The Court also finds that there is no dispute that the policy is the least restrictive means of serving these interests. First, allowing Jihad personally, or Muslims in general, an exemption from this policy would likely result in perceptions of favoritism and, ultimately, could result in inmate conflict. Defendants cannot simply eliminate inmate conflict by permitting all religious groups to have two or more feasts per year, because this would result in significant burdens financially and administratively. Likewise, to the extent that Jihad offers to pay personally for the cost of the Eid-al-Ahda feast, this does not remedy the additional problems that would result with inmate conflict or DOC staffing, and therefore, it is not a suitable alternative.

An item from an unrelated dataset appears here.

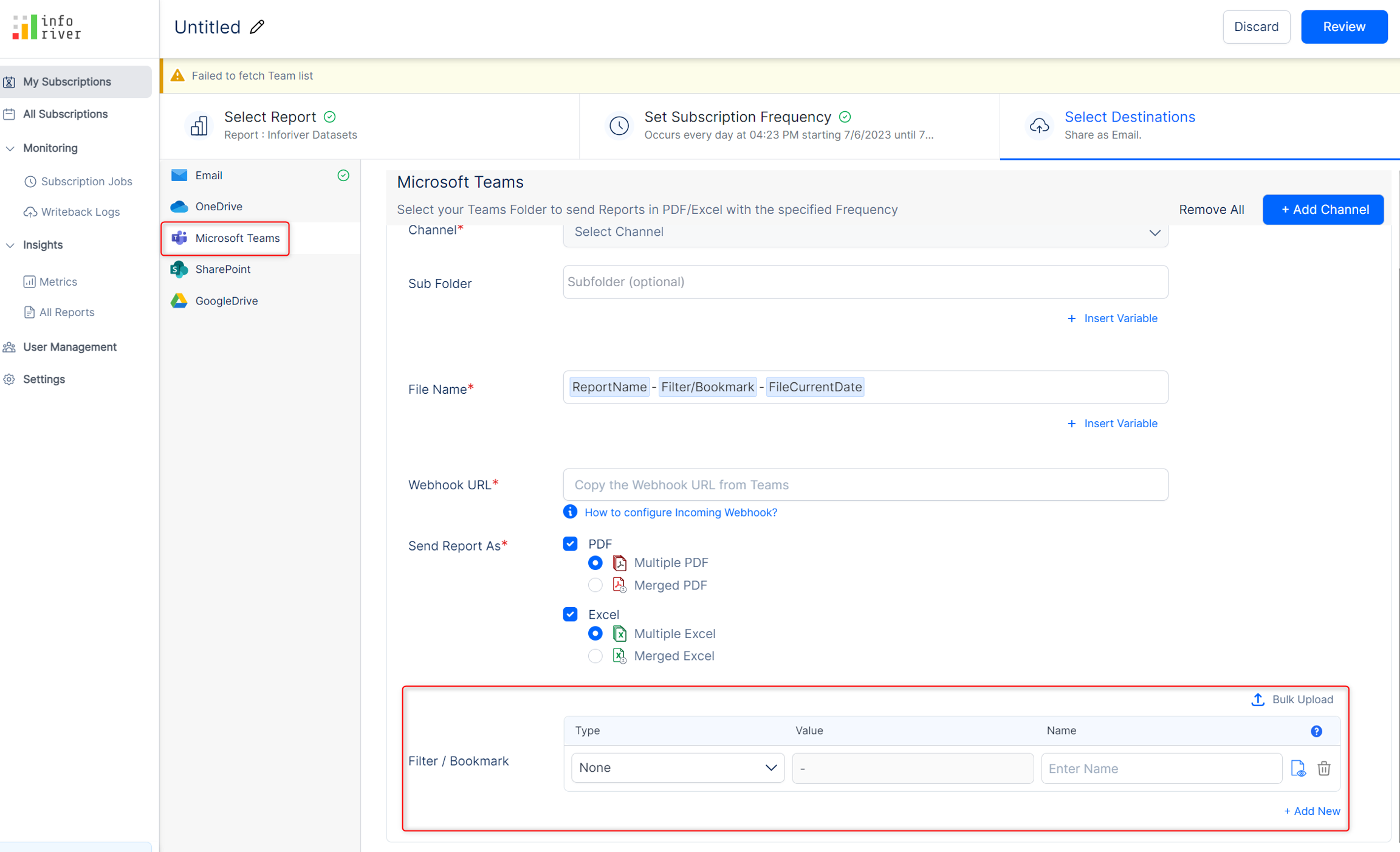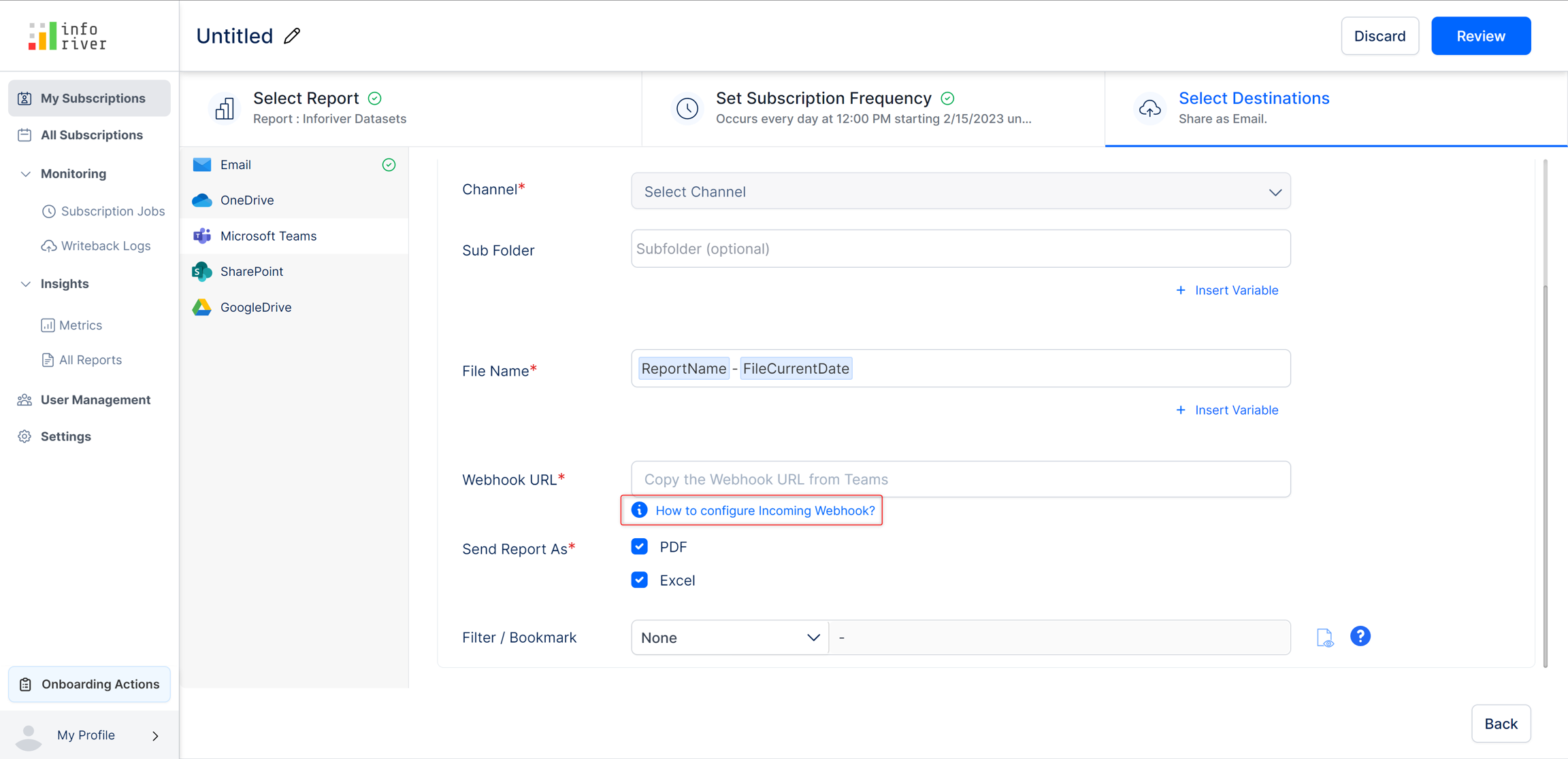 You can optionally specify the destination subfolder to be created inside the chosen team's channel. The report will be exported to the subfolder if selected.

As a result, there is no way to meet Jihad's request without risking security and without imposing significant financial and administrative burdens. In sum, Jihad has failed to establish a violation of his religious rights, and therefore, Defendants are entitled to summary judgment on Jihad's special meal claim.
The policy itself expressly prohibits inmates from contributing to the cost of the religious feasts, and Defendants have not attempted to explain the basis for that rule. As such, the Court has not relied on it in making its decision.
To the extent that Jihad may also be attempting to assert a claim that he should be permitted to fast during Hajj, or celebrate Eid-al-Ahda in a particular manner, these claims clearly fail. First, Jihad has not brought forth any evidence to demonstrate that he requested and was denied the opportunity to fast during Hajj, and the evidence shows that he may fast for religious purposes at any time during the year. Moreover, there is no evidence that the DOC ever denied a request that Muslim inmates be permitted to participate in a group prayer, or some other religious activity in recognition of the holiday for the celebration of Eid-al-Ahda, except insofar as Jihad requested permission to celebrate with an additional special meal. Without any such evidence, Jihad would be unable to establish a substantial burden, and Defendants would clearly be entitled to summary judgment.
4. Religious Apparel Claim Against Defendant Fabian
Here, Jihad challenges the portion of DOC Policy No. 302.30 that prevents him from wearing his kufi while he is outside of his cell or the chapel. Jihad alleges that this policy violates his free exercise rights by prohibiting him from wearing his kufi when he is in the public eye. According to Jihad, Muslims are required to guard their modesty by covering their head while in the public eye. (Pl.'s Memo. in Opp., at p. 33). Jihad further states that "[a] kufi is a common head covering cap that Muslims use to cover their heads." (Id.)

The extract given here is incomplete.